• [Given data]:
◆ ◆ ◆ ◆ ◆ ◆ ◆

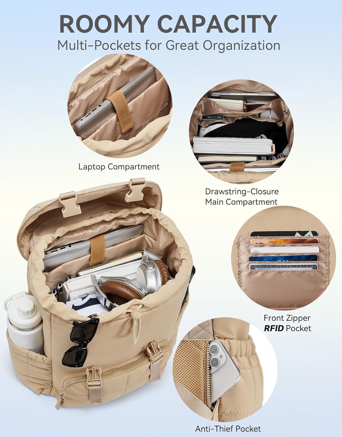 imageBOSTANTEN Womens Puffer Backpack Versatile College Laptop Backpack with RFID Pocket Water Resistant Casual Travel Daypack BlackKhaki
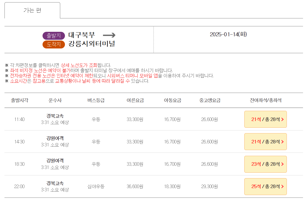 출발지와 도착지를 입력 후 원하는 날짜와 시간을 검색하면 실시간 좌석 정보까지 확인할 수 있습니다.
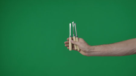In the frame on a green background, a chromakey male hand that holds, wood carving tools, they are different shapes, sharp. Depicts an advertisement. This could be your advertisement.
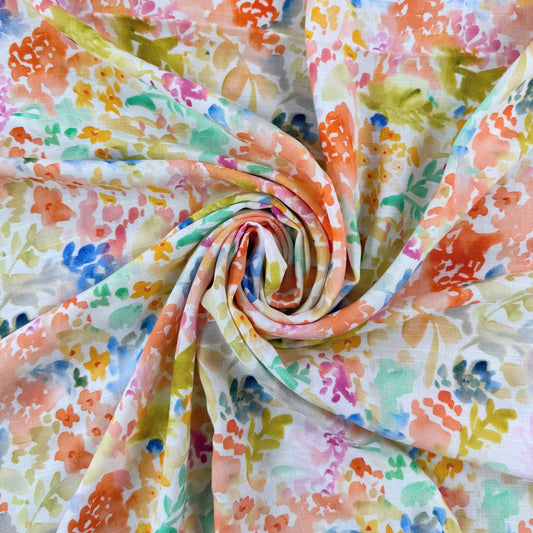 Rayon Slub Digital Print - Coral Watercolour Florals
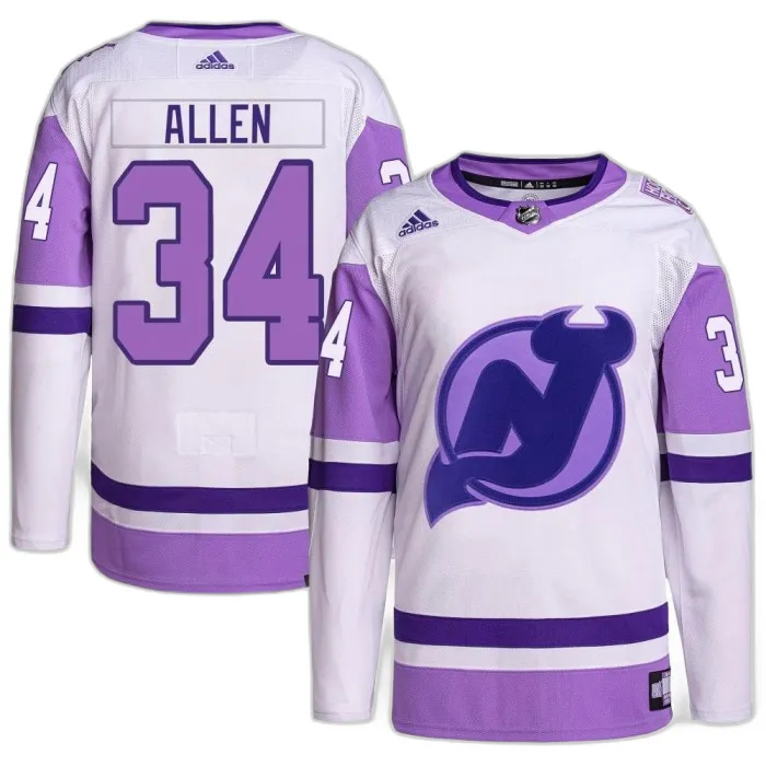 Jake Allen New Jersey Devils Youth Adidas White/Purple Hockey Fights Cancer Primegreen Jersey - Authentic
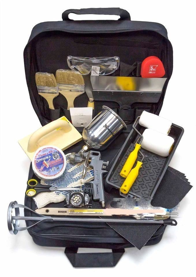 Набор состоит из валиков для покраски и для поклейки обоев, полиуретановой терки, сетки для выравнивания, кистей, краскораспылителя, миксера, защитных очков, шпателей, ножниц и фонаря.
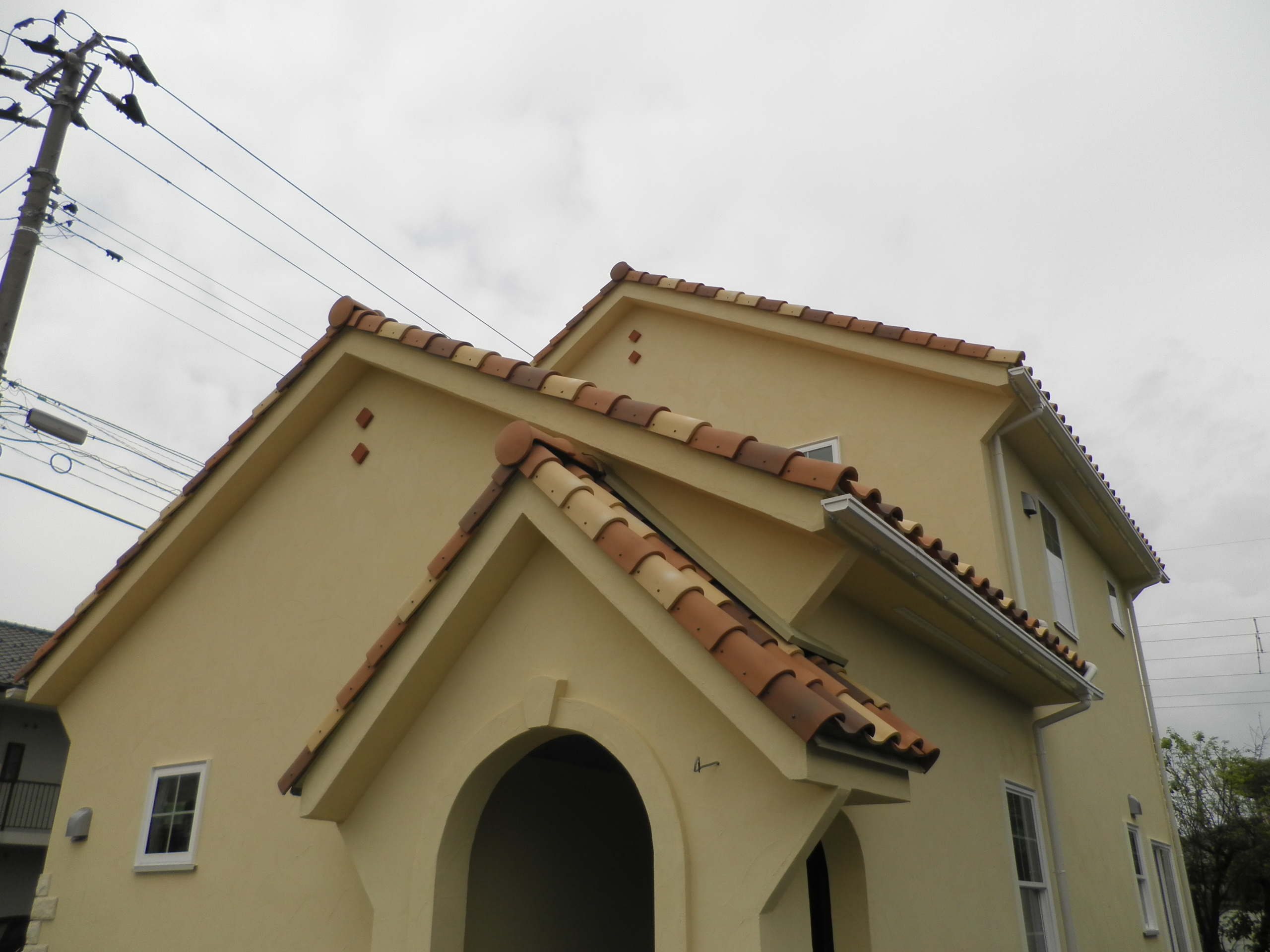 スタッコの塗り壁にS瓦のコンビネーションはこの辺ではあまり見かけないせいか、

◆ ◆ ◆ ◆ ◆ ◆ ◆

Hand back exactly the lines from the one with "Jake Allen New" through the last line of the data above, both ends included, with every picture left out.

 Jake Allen New Jersey Devils Youth Adidas White/Purple Hockey Fights Cancer Primegreen Jersey - Authentic
 Набор состоит из валиков для покраски и для поклейки обоев, полиуретановой терки, сетки для выравнивания, кистей, краскораспылителя, миксера, защитных очков, шпателей, ножниц и фонаря.
 スタッコの塗り壁にS瓦のコンビネーションはこの辺ではあまり見かけないせいか、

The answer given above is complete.